§ Data
Start of Block
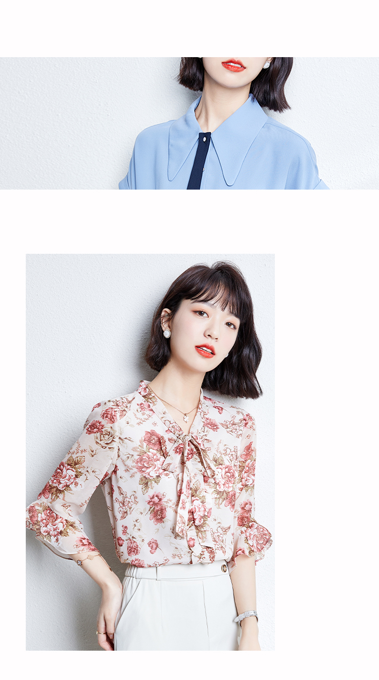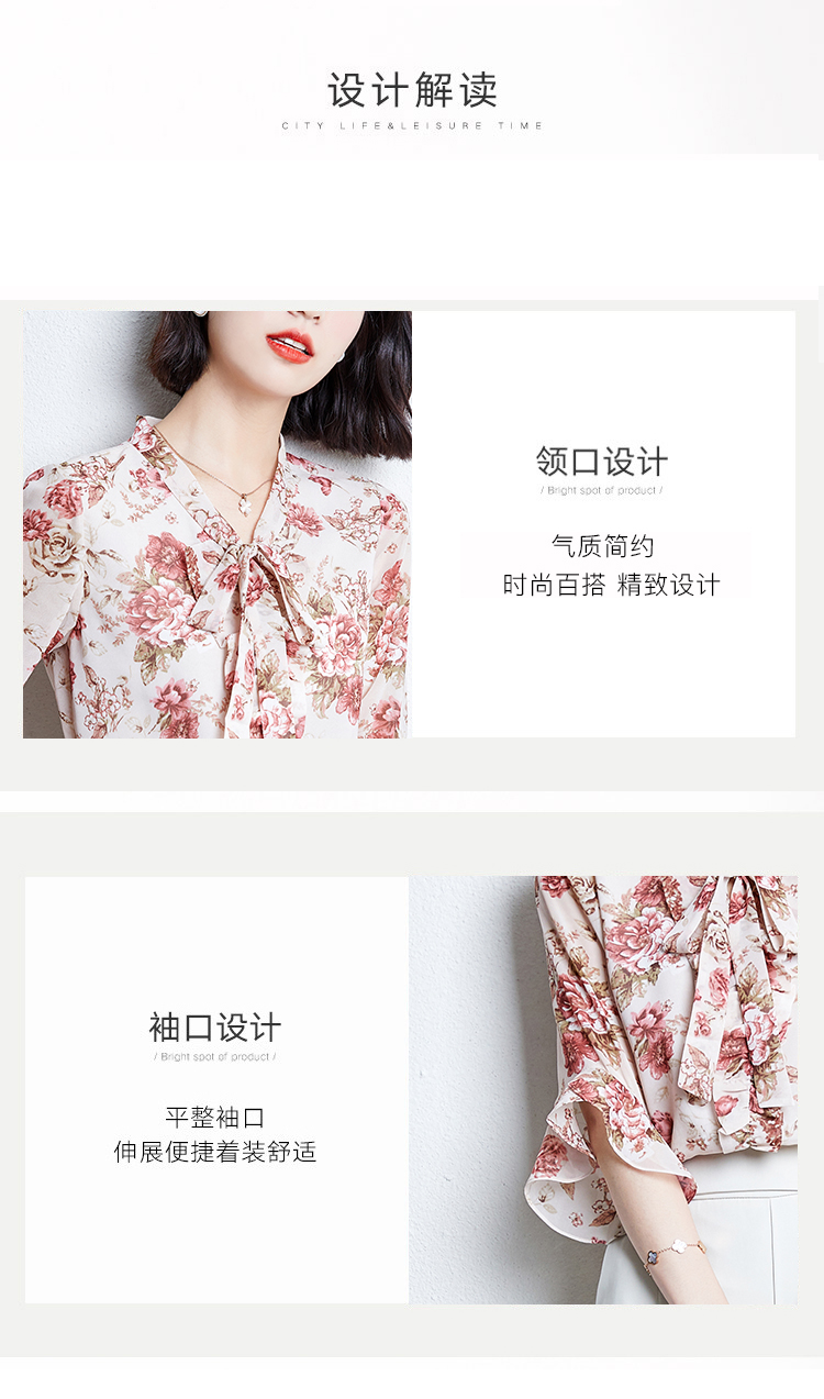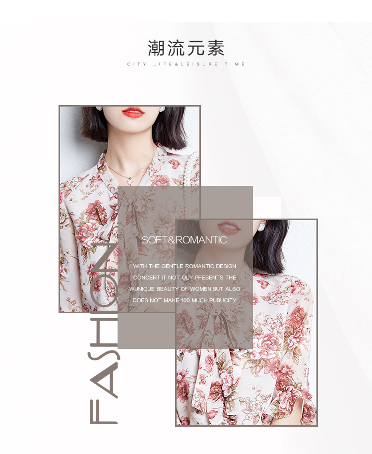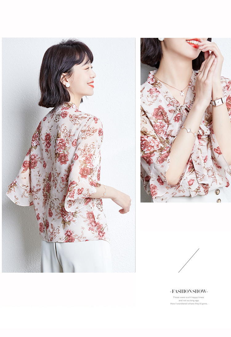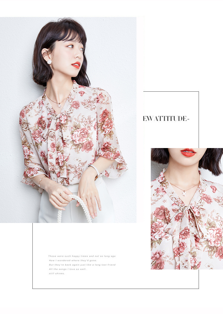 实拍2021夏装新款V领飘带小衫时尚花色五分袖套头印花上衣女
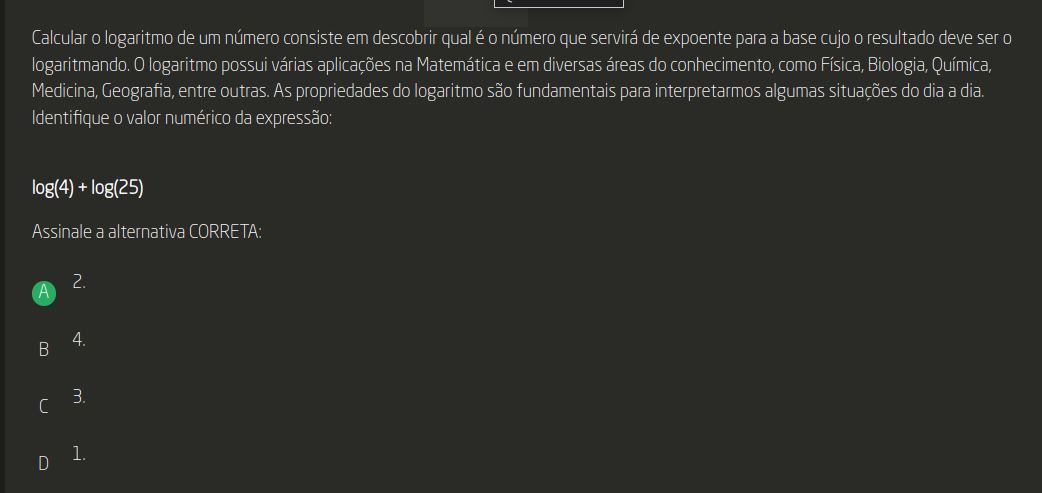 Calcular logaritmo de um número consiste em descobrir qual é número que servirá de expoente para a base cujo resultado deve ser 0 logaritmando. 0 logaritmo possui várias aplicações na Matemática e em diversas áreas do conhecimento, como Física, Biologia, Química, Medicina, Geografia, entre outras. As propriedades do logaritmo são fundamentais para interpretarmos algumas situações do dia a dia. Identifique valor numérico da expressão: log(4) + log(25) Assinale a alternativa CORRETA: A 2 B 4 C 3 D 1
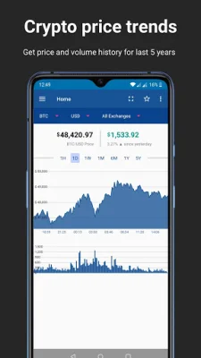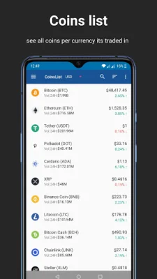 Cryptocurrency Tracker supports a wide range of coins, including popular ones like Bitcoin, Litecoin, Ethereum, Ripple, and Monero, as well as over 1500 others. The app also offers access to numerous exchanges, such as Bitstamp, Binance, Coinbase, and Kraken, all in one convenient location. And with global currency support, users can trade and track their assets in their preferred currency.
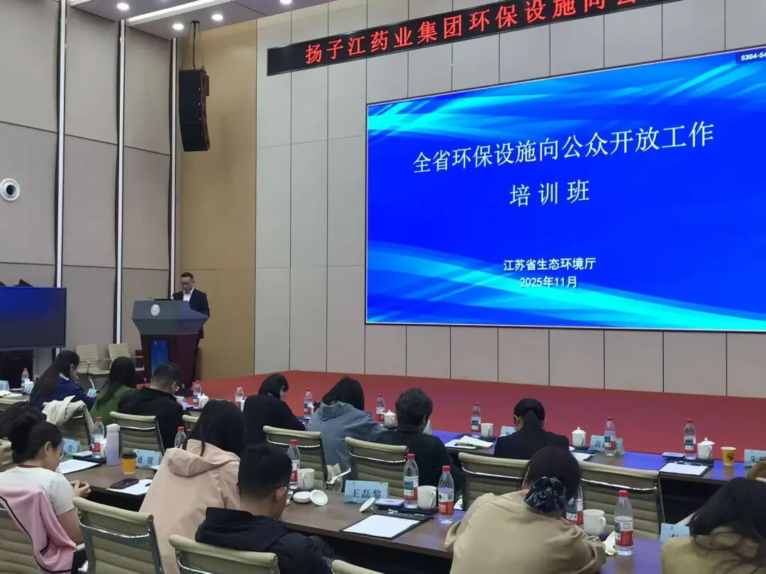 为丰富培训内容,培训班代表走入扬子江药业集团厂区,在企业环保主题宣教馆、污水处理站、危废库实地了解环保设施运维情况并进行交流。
End of Block
Start of Block
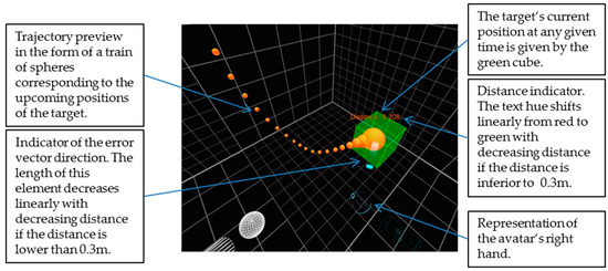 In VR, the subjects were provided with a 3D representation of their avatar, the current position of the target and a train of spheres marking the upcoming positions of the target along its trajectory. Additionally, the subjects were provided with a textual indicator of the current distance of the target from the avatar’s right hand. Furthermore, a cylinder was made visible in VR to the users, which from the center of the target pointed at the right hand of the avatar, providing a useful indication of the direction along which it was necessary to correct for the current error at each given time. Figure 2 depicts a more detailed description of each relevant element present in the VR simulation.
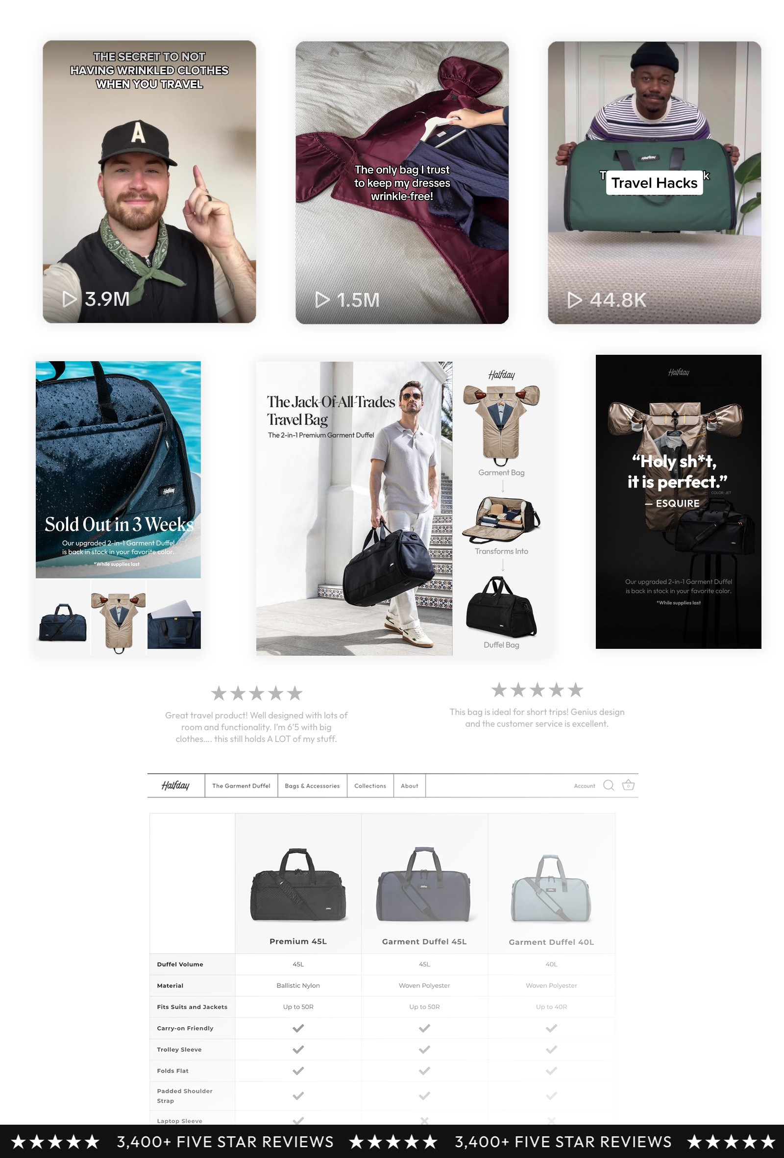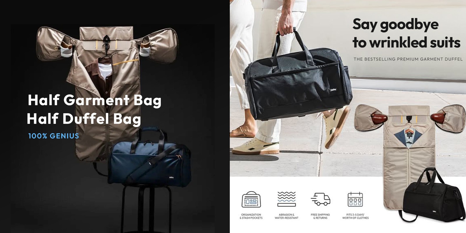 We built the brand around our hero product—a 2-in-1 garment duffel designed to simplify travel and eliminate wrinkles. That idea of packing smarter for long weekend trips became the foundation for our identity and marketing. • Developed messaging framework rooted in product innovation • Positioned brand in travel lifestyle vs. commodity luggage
End of Block
Start of Block
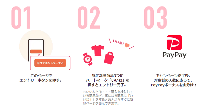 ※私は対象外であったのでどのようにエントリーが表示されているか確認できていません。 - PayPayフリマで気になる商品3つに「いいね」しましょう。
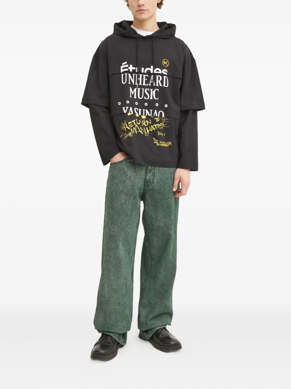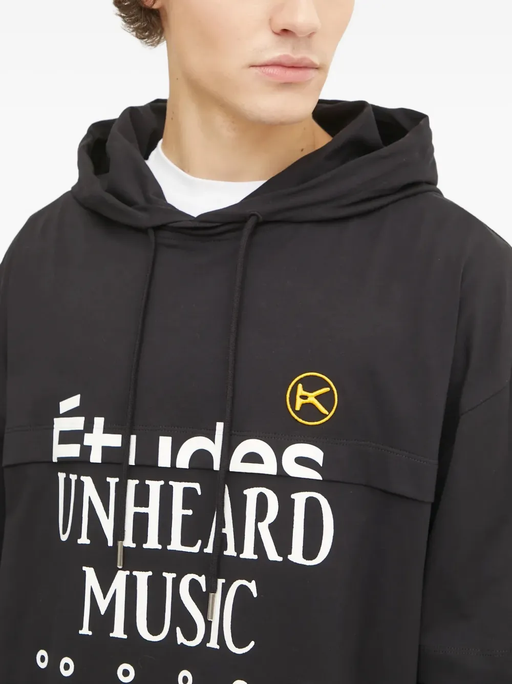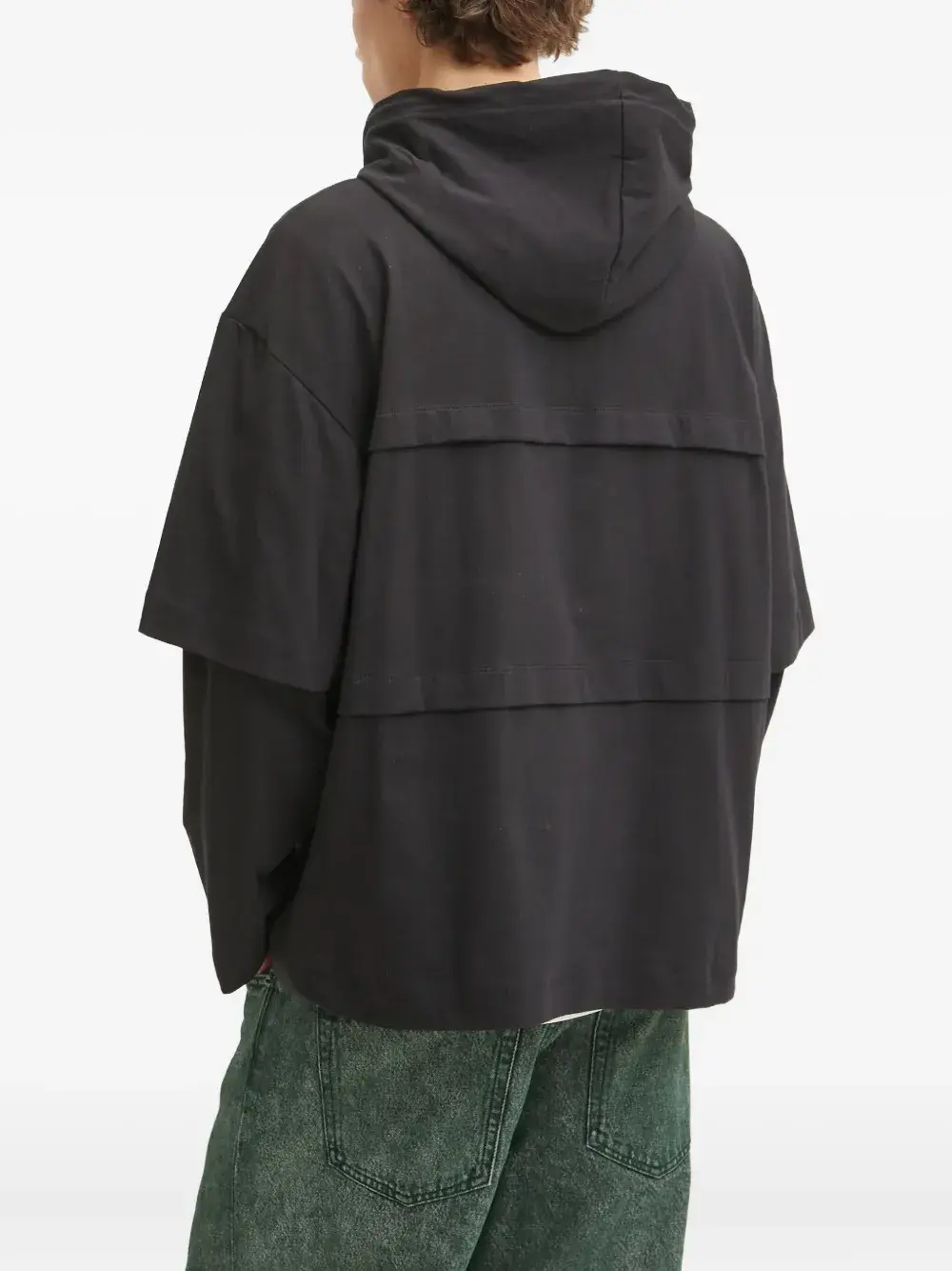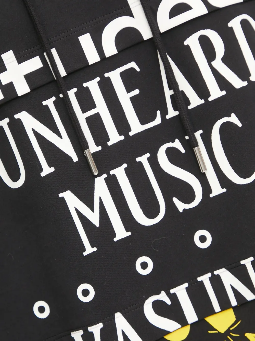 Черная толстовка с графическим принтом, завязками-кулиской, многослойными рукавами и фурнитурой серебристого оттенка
End of Block
§ Goal of the exercise
Using the entries above, write out exactly the lines from the one with "实拍2021夏装新款V领飘带小衫时尚花色五分袖套头印花上衣女" through the one with "为丰富培训内容,培训班代表走", ends included. Leave out any pictures.

§ Task answer
 实拍2021夏装新款V领飘带小衫时尚花色五分袖套头印花上衣女
 Calcular logaritmo de um número consiste em descobrir qual é número que servirá de expoente para a base cujo resultado deve ser 0 logaritmando. 0 logaritmo possui várias aplicações na Matemática e em diversas áreas do conhecimento, como Física, Biologia, Química, Medicina, Geografia, entre outras. As propriedades do logaritmo são fundamentais para interpretarmos algumas situações do dia a dia. Identifique valor numérico da expressão: log(4) + log(25) Assinale a alternativa CORRETA: A 2 B 4 C 3 D 1
 Cryptocurrency Tracker supports a wide range of coins, including popular ones like Bitcoin, Litecoin, Ethereum, Ripple, and Monero, as well as over 1500 others. The app also offers access to numerous exchanges, such as Bitstamp, Binance, Coinbase, and Kraken, all in one convenient location. And with global currency support, users can trade and track their assets in their preferred currency.
 为丰富培训内容,培训班代表走入扬子江药业集团厂区,在企业环保主题宣教馆、污水处理站、危废库实地了解环保设施运维情况并进行交流。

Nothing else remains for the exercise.